<h2><center>Translating Text to SQL with T5 Transformer</center></h2>

![](https://i.imgur.com/jVFMMWR.png)

<h4><center>Image Source:  <a href="https://ai.googleblog.com/2020/02/exploring-transfer-learning-with-t5.html">Google AI Blog</a></center></h4>

### Install Transformers Datasets (to get [wikiSQL dataset](https://huggingface.co/nlp/viewer/?dataset=wikisql))

In [None]:
!pip install -q -U datasets > /dev/null

### Libraries 📚⬇

In [None]:
from transformers import AutoModelWithLMHead, AutoTokenizer
from datasets import load_dataset
import random, warnings
warnings.filterwarnings("ignore")

### Import the T5-base model [fine-tuned on WikiSQL](https://huggingface.co/mrm8488/t5-base-finetuned-wikiSQL?text=My+name+is+Wolfgang+and+I+live+in+Berlin) from [🤗/transformers](https://github.com/huggingface/transformers) [thanks to [Manuel Romero](https://huggingface.co/mrm8488)]

In [None]:
tokenizer = AutoTokenizer.from_pretrained("mrm8488/t5-base-finetuned-wikiSQL")
model = AutoModelWithLMHead.from_pretrained("mrm8488/t5-base-finetuned-wikiSQL")

### Predict Function

In [None]:
def get_sql(query):
    
    input_text = "translate English to SQL: %s </s>" % query
    
    features = tokenizer([input_text], return_tensors='pt')

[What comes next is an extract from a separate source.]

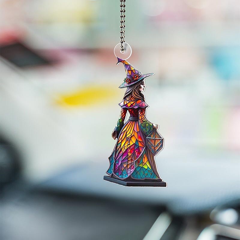 Witch Glass Painted Pendant Car Hang Ornament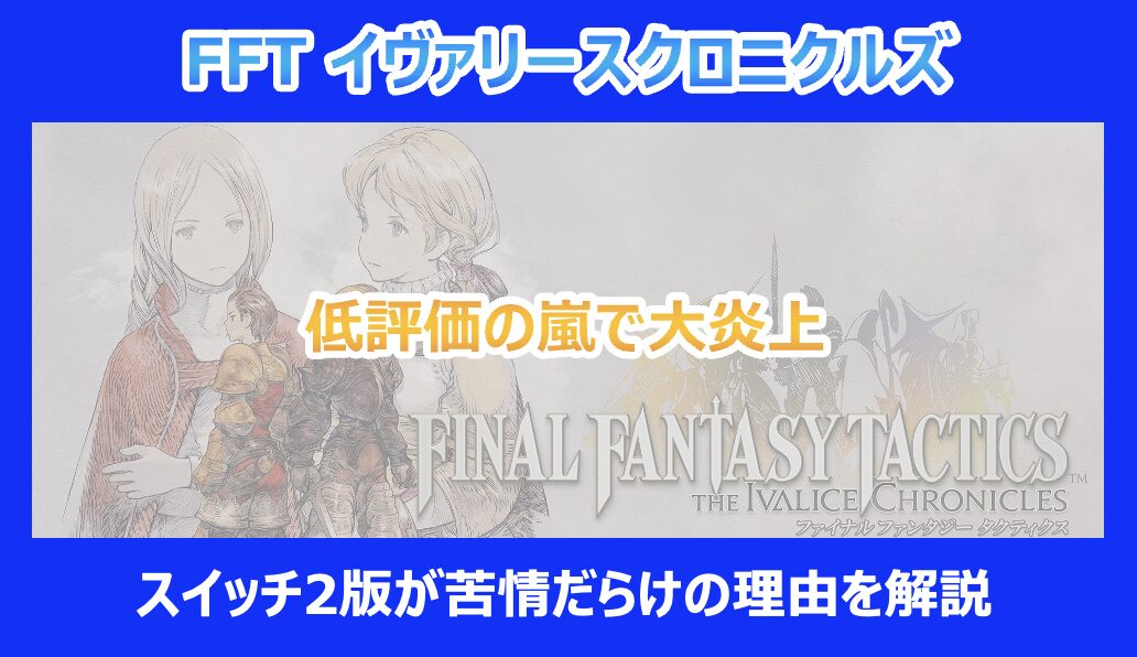 この記事を読んでいる方は、2025年9月30日に発売された待望のリメイク作「ファイナルファンタジータクティクス イヴァリース クロニクルズ」のNintendo Switch 2版が、なぜレビューサイトで低評価の嵐に見舞われているのか、その理由が気になっているのではないでしょうか。

    output = model.generate(input_ids=features['input_ids'], 
               attention_mask=features['attention_mask'])

    return tokenizer.decode(output[0])

In [None]:
valid_dataset = load_dataset('wikisql', split='validation')

### Sample Validation Data

In [None]:
valid_dataset[0]

### Prediction on WikiSQL Validation Set

In [None]:
for idx in random.sample(range(len(valid_dataset)), 250):
    print(f"Text: {valid_dataset[idx]['question']}")
    print(f"Pred SQL: {get_sql(valid_dataset[idx]['question'])}")
    print(f"True SQL: {valid_dataset[idx]['sql']['human_readable']}\n")